#### Provided material
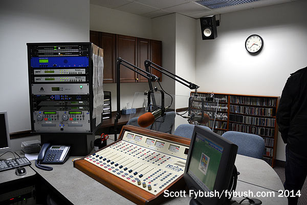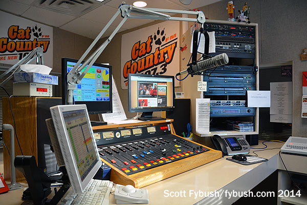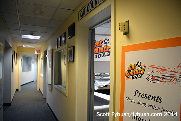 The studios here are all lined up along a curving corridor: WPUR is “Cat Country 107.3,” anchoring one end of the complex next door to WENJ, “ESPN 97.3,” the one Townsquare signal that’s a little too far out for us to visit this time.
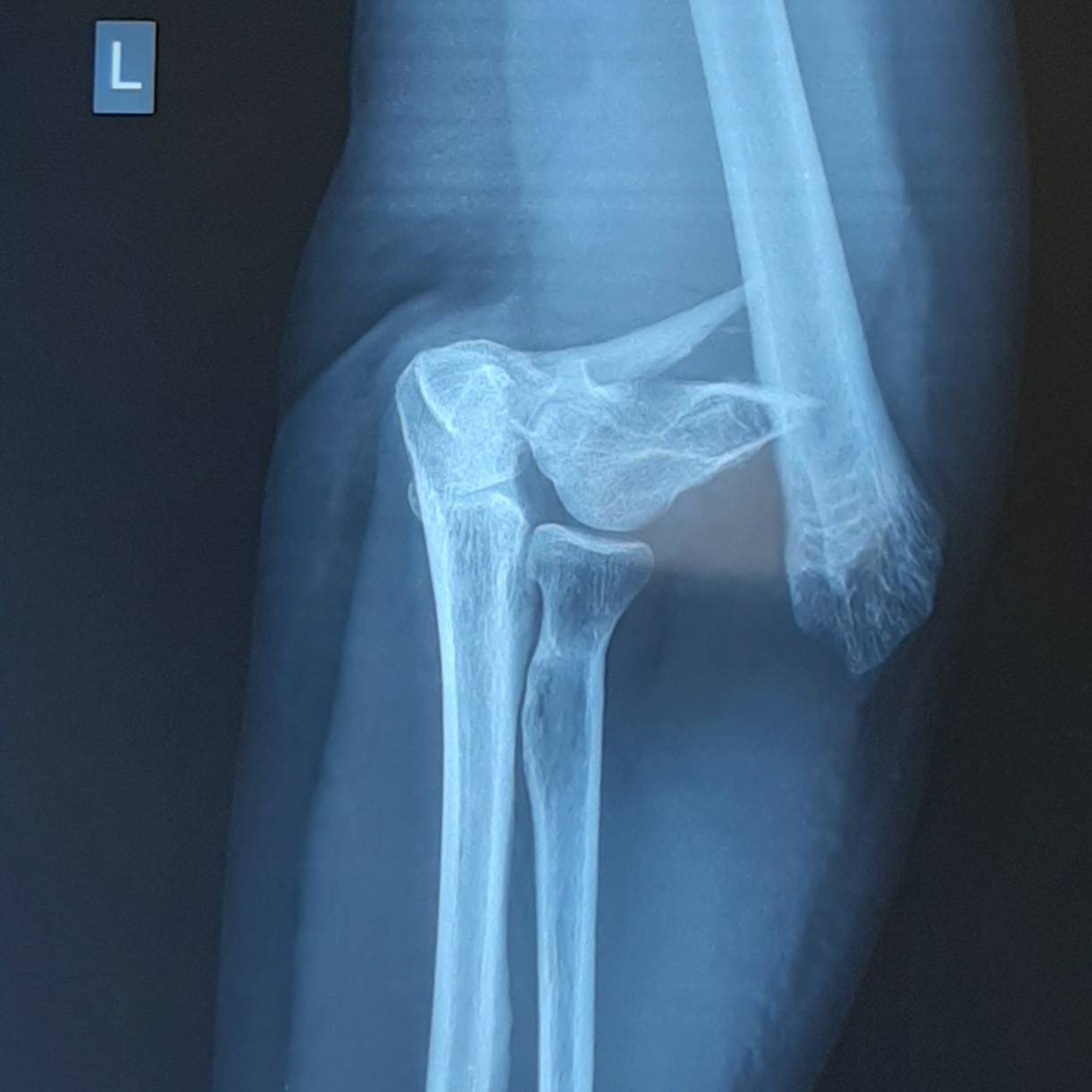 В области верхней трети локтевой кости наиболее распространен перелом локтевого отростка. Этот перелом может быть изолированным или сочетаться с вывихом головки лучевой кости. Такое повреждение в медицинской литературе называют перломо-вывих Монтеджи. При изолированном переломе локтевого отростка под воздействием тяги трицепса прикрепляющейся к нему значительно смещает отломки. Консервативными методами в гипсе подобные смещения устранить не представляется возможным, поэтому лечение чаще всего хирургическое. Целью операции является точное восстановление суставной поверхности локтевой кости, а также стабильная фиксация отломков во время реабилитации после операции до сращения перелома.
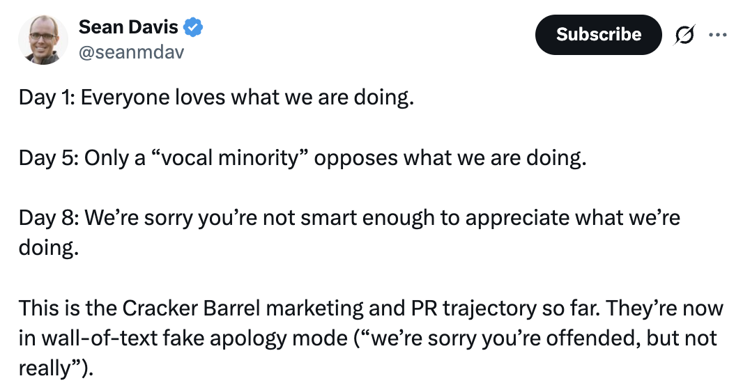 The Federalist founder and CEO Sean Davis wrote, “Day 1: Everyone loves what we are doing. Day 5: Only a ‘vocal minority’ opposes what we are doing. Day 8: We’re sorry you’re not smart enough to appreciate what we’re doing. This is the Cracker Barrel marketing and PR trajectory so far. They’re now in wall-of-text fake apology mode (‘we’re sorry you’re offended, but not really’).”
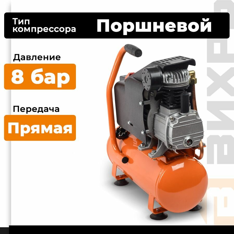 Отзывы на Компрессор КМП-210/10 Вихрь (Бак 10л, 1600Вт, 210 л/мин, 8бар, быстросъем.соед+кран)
==
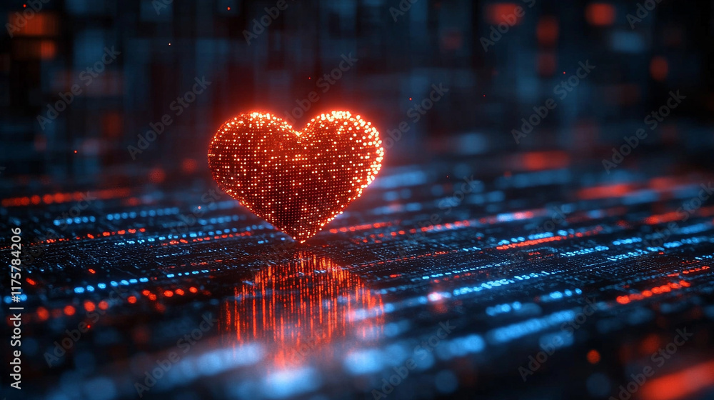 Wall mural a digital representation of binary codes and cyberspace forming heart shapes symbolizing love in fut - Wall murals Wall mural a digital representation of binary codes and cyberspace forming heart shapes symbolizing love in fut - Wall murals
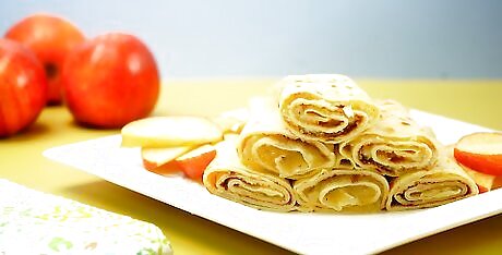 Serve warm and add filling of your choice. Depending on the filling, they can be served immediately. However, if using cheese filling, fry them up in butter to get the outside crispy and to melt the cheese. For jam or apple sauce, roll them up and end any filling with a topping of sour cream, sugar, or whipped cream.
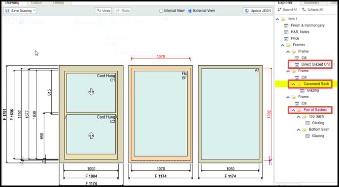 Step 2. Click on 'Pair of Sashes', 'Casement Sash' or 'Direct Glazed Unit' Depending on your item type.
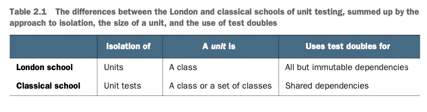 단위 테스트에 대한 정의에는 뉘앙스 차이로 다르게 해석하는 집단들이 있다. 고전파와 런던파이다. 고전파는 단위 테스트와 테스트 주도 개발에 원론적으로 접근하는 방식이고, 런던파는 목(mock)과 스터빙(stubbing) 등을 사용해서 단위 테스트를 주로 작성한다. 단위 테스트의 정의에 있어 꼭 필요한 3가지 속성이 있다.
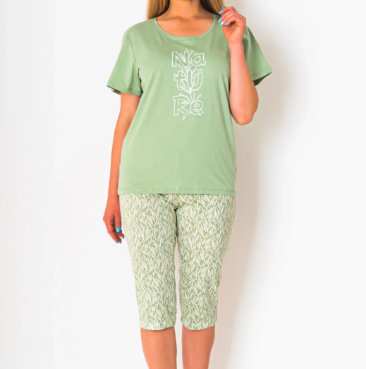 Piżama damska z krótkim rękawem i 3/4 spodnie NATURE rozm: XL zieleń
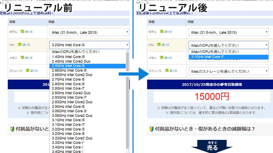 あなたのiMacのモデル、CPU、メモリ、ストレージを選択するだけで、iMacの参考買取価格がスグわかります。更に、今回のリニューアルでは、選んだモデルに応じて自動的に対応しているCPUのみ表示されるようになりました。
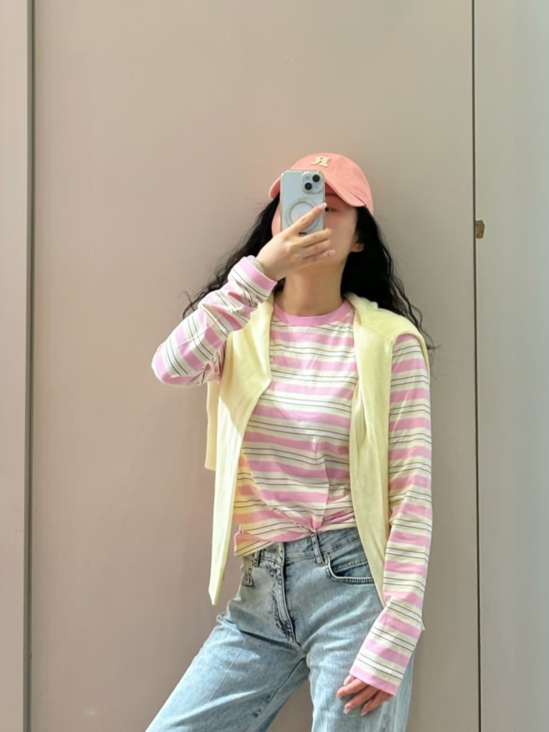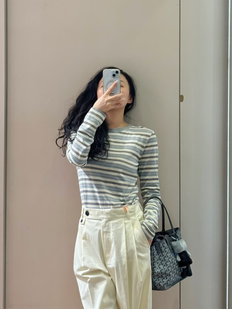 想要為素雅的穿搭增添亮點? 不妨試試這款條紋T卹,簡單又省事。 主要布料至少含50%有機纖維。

#### To do
The material above holds pictures; leave them out and set down exactly the lines from the line with "Step 2. Click" to the line with "想要為素雅的穿搭增添亮點? 不妨試試這款條紋T卹,簡單又省事。 主要布料至少含50%有機纖維。", both included.

#### Response to the task
 Step 2. Click on 'Pair of Sashes', 'Casement Sash' or 'Direct Glazed Unit' Depending on your item type.
 단위 테스트에 대한 정의에는 뉘앙스 차이로 다르게 해석하는 집단들이 있다. 고전파와 런던파이다. 고전파는 단위 테스트와 테스트 주도 개발에 원론적으로 접근하는 방식이고, 런던파는 목(mock)과 스터빙(stubbing) 등을 사용해서 단위 테스트를 주로 작성한다. 단위 테스트의 정의에 있어 꼭 필요한 3가지 속성이 있다.
 Piżama damska z krótkim rękawem i 3/4 spodnie NATURE rozm: XL zieleń
 あなたのiMacのモデル、CPU、メモリ、ストレージを選択するだけで、iMacの参考買取価格がスグわかります。更に、今回のリニューアルでは、選んだモデルに応じて自動的に対応しているCPUのみ表示されるようになりました。
 想要為素雅的穿搭增添亮點? 不妨試試這款條紋T卹,簡單又省事。 主要布料至少含50%有機纖維。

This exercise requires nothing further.